Rona Pondick (born April 18, 1952) is an American sculptor. She lives and works in New York City. Using the language of the body in her sculpture, in both a literal and a metaphorical sense, has been of interest to Pondick since the beginnings of her career in 1977. An abiding concern of hers has been the exploration of the use of different materials, a consistent motif that runs throughout her work from its beginnings to the present day.

Early life
Raised in Brooklyn, New York, Rona Pondick earned her Bachelor of Fine Arts from Queens College in New York in 1974. She earned a Master of Fine Arts in 1977 from Yale University School of Art in New Haven, Connecticut, where she studied sculpture with David Von Schlegell, an American sculptor, and also studied with Richard Serra, who was a visiting artist in the program at the time.

Artistry 
Pondick began to exhibit in galleries and museums in the mid 1980s, and since that time her sculpture and site-specific installations have been shown in exhibitions throughout the world. Her work can be divided into two stylistic periods: early work based on fragments that reference the human body, and later work centered around the human body as part of hybrid sculptures, merged with forms from nature of flora and fauna.

Color
In 2018, Lynn Zelevansky wrote, “Color … enhances the informality and approachability of Pondick’s new work. Each object is named for the colors it contains. Her palette begins with the primary hues for photographic printing—magenta, cyan, and yellow—to which she adds green, blue, black, and white. Made from resin, acrylic, and an epoxy modeling compound…they are each partly translucent and in places almost evanescent, changing as the light changes and as viewers move around them…  The addition of color and the new materials significantly alter the visual impact and emotional tenor of Pondick’s art.”

Artist's technique
In her sculpture, Pondick has always used traditional methods such as carving, hand-modeling, mold-making, and metal casting, and at times, has used the latest in 3D computer technologies occasionally for modeling but largely for scaling. This results in a mystery in the process, and it is often hard to discern how these objects are made.

Early work: fragments
Beginning with work from the early 1980s, Pondick has worked with fragments that invoke the body, including shoes, baby bottles, and teeth, “a quirky vocabulary of anatomical parts and body related objects that had some of Louise Bourgeois' oddity and near-surrealism and Philip Guston’s poignant, ambiguous symbolism.” These early provocative works have included scatological references in bodily assemblages. Her early work has been interpreted by critics in numerous ways, as a feminist critique of Freudian theories of sexuality, as an expression of infantile and juvenile desires, and as “Freudian vaudeville acts designed to make you laugh until you feel something caught in your throat.”

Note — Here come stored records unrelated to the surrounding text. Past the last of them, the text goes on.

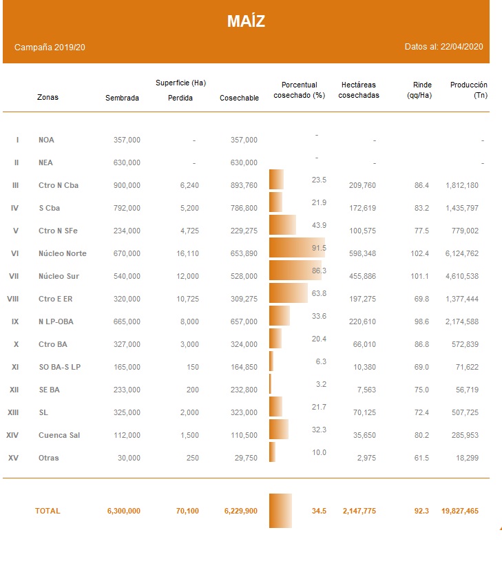 Hacia las zonas Oeste de Buenos Aires-Norte de La Pampa, Cuenca del Salado y el Centro de Buenos Aires la cosecha de cuadros tempranos brinda muy buenos rendimientos. En el Sur del área agrícola nacional se relevan las primeras cosechas del cereal, las cuales brindan rindes cercanos a los promedios regionales.
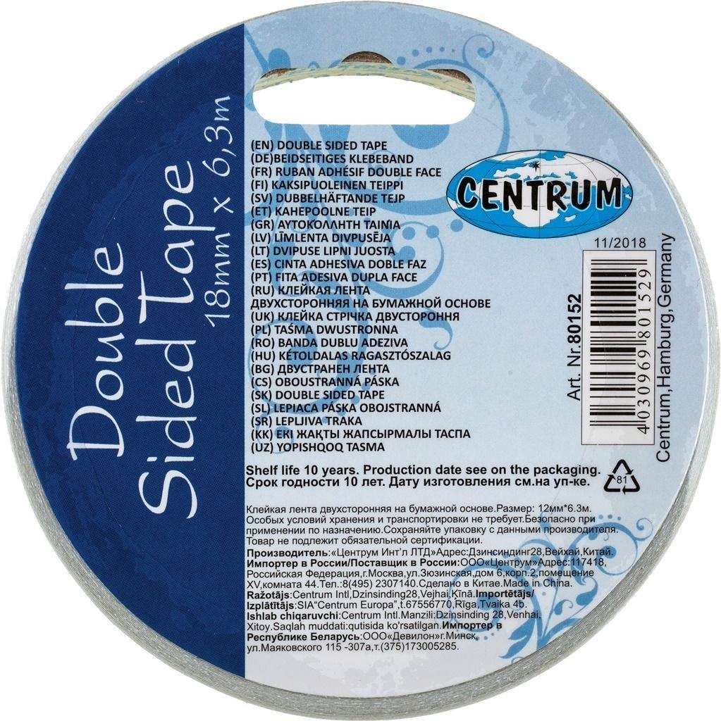 Оплачивая «ЛЕНТА ДВУХСТОРОННЯЯ 18ММХ6,3М ЦЕНТРАЛЬНАЯ 80152», вы можете быть уверены, что данный товар из каталога «Ленты» будет доставлен из Польши и проверен на целостность. В цене товара, указанной на сайте, учтена доставка из Польши. Внимание!!! Товары для Евросоюза, согласно законодательству стран Евросоюза, могут отличаться упаковкой или наполнением.
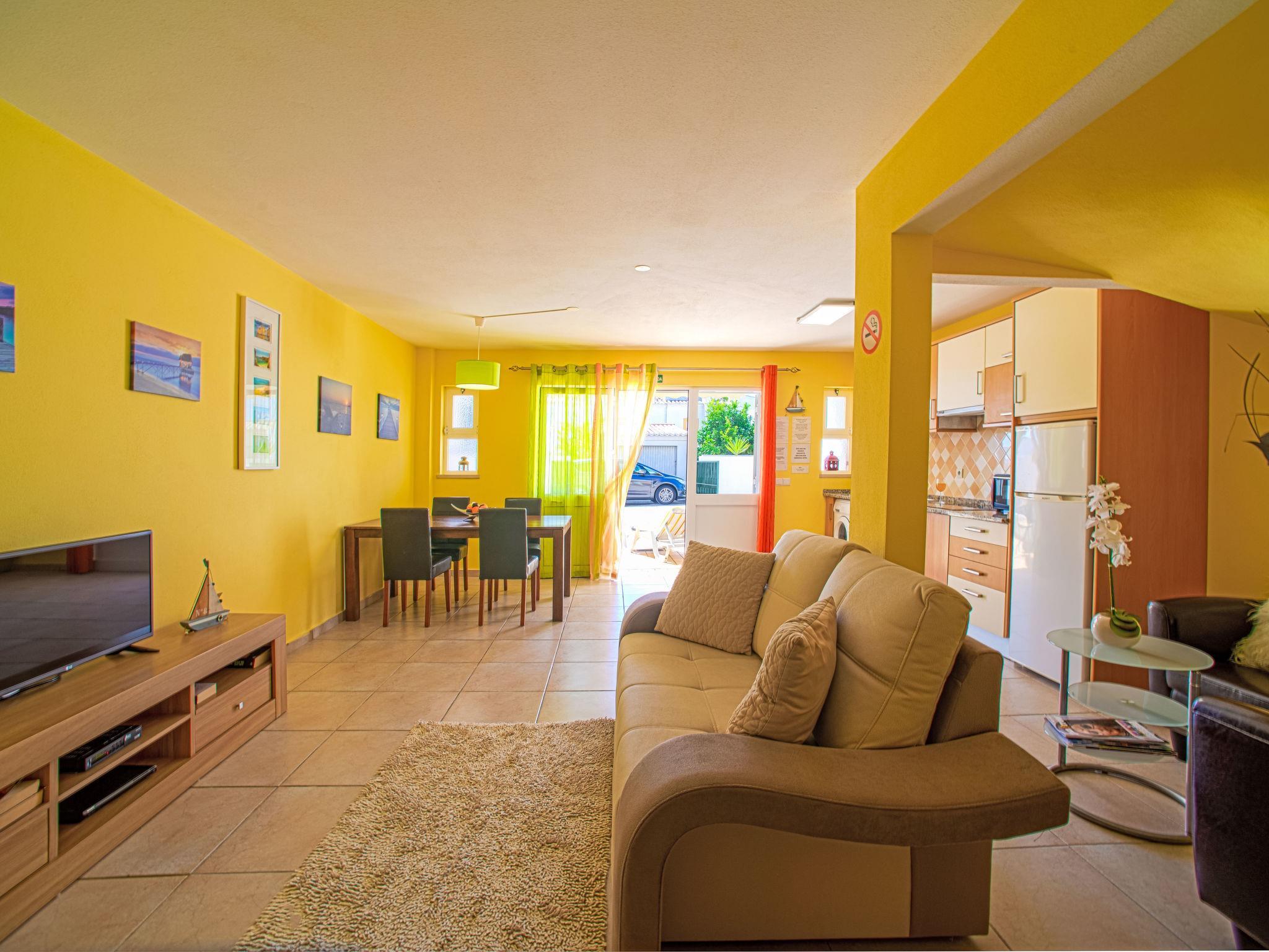 "Baia de Cristal 2", 2-room apartment 55 m2. Renovated in 2012, very practical and cosy furnishings: open living/dining room with dining table, cable TV and flat screen. Exit to the terrace. 1 room, without window with 1 french bed (160 cm, length 200 cm), shower/WC. Open kitchen (4 ceramic glass hob hotplates, toaster, kettle, microwave, freezer, electric coffee machine). Electric heating. Small terrace 50 m2. Terrace furniture, deck chairs (2). Facilities: washing machine, iron. Internet (WiFi, free). Please note: non-smokers only. Private entrance, fire extinguisher. No internal connecting door between the separated properties. 88915/AL

Her earliest sculptures are unmistakably scatalogical. From the late 1980s to early 1990s, Pondick made sculptures of beds using pillows, cloth, and wood, some with baby bottles strapped to them with rope.

Later work

Hybrid sculptures: Animals/Flora and the Body
Beginning in 1998, Pondick began to make sculptures that merged parts of animals and flora with those of her own body, primarily casting them in bronze or stainless steel. Pondick merged traditional hand modeling with computer technology in order to create these hybrid sculptures, which incorporate depictions of her own head and hands. For example, in her first work in the series, Dog (1998-2001), she combined a human head and hands with the body of a dog, creating a sphinx-like figure. Other human-animal hybrids include Cat, Otter, Muskrat. Monkeys, and Ram's Head. As Pondick stated, "I use the animal form because it is recognizable and holds its scale no matter where you put it."

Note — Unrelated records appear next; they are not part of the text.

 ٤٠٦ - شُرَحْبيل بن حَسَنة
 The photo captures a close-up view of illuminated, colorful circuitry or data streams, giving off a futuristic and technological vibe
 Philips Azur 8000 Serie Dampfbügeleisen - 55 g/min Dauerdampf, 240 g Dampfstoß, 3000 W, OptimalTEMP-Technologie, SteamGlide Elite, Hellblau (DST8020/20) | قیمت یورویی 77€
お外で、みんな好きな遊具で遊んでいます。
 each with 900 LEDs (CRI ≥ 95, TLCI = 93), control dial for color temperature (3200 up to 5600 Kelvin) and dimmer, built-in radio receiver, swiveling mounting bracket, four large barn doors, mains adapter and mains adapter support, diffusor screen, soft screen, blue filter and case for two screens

Hybrid sculptures: Trees and the Body
In 1995, Pondick made her first sculpture of a tree using fruit scattered on the ground that incorporated human teeth. Her first tree/human hybrid sculpture incorporated the artist's miniaturized head as buds in the tree branches, using aluminum, bronze, and stainless steel. Her first tree/human hybrid sculpture was Pussy Willow Tree in 2001, commissioned by Fondation pour l’art contemporain Claudine et Jean-Marc Salomon in Annecy, France. This was followed by Cranbrook Art Museum's commission of Crimson Queen Maple in 2003, and by Head in Tree, commissioned by Sonsbeek International in 2008 and installed in the center of a pond. A sub category: “Magenta Swimming in Yellow” by Rona Pondick, 2015–17. Pigmented resin and acrylic.(Zevitas Marcus). Rona Pondick's sculptures at Zevitas Marcus gallery are both serene and nightmarish. The artist makes casts of her own head in brightly colored resins, then perches them atop tiny, atrophied bodies, or embeds them in clear cubes or plinths of contrasting color. The results are bizarre by intriguing moments suspended in time.

Awards and grants 
2020: American Academy of the Arts and Letters Purchase Award
2016: Anonymous Was a Woman Award
2000: Cultural Department of the City of Salzburg, Kunstlerhaus
1999: Bogliasco Foundation Fellowship
1996: Rockefeller Foundation Fellowship
1992: Guggenheim Fellowship
1991: Mid-Atlantic Arts Grant
1988: Art Matters Inc., New York State Council on the Arts (for Beds installation), Artists Space Grant
1985: Ludwig Vogelstein Foundation Grant
1977: Fannie B. Pardee Prize in Sculpture

Solo museum exhibitions 
This list includes material from Landau, Stoops, Van Der Zijpp, Weiermair, and Zaya.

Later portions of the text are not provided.